EGSD Başkanı Yasin Akçakaya, son iki yılda hazır giyim ithalatının 2 milyar 600 milyon dolardan 4 milyar dolara çıktığını belirtti. İthalatın artmasının nedenleri arasında kurların düşük olması ve yurt içi maliyetlerin yüksek olması yer alıyor. Akçakaya, “Sektörümüz 2 yıldır zararına ürün yapıyor.” dedi.
Artan maliyetler nedeniyle bazı üreticilerin yurtdışına kaydığını ve bunun uzun vadede sektörü tehdit ettiğini ifade etti. “Bu sektörün bilgi birikimi ve insan kaynağı bir hazine. Bunu korumak için çözüm üretmek zorundayız.” diyerek sektördeki sorunlara dikkat çekti.
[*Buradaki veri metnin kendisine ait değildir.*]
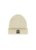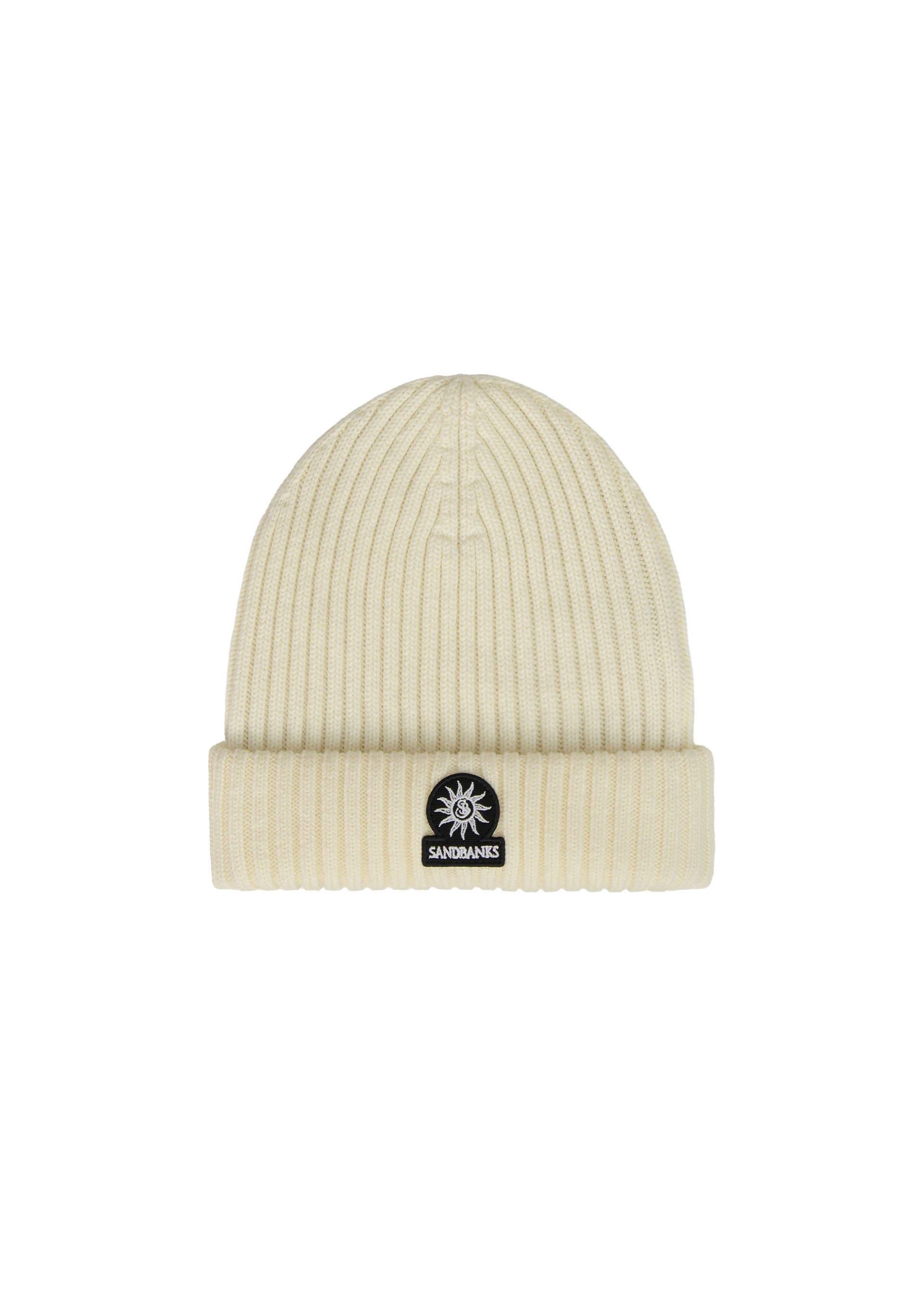 Sandbanks knitted badge logo beanie in stone, made from 100% Merino wool . Merino wool is known for its softness, warmth, and moisture-wicking properties, making it the perfect material for a comfortable and functional beanie.

Kur dönüşüm desteğinin yeniden düzenlenmesi gerektiğini belirten Narbay, “Net katma değeri ve üretimi önceleyen bir teşvik sistemi kurulmasını talep ediyoruz.” dedi. Yüzde 80 ithalat yapan bir firmaya verilen yüzde 2 kur dönüşüm desteğinin yetersiz kaldığını ifade etti.
Bu durum, sektörün sürdürülebilirliği açısından büyük bir önem taşıyor. Narbay, “Hazır giyim endüstrisinin net ihracatına yüzde 10 kur dönüşüm desteği verilmesini talep ediyoruz.” diyerek sektördeki destek ihtiyacını vurguladı.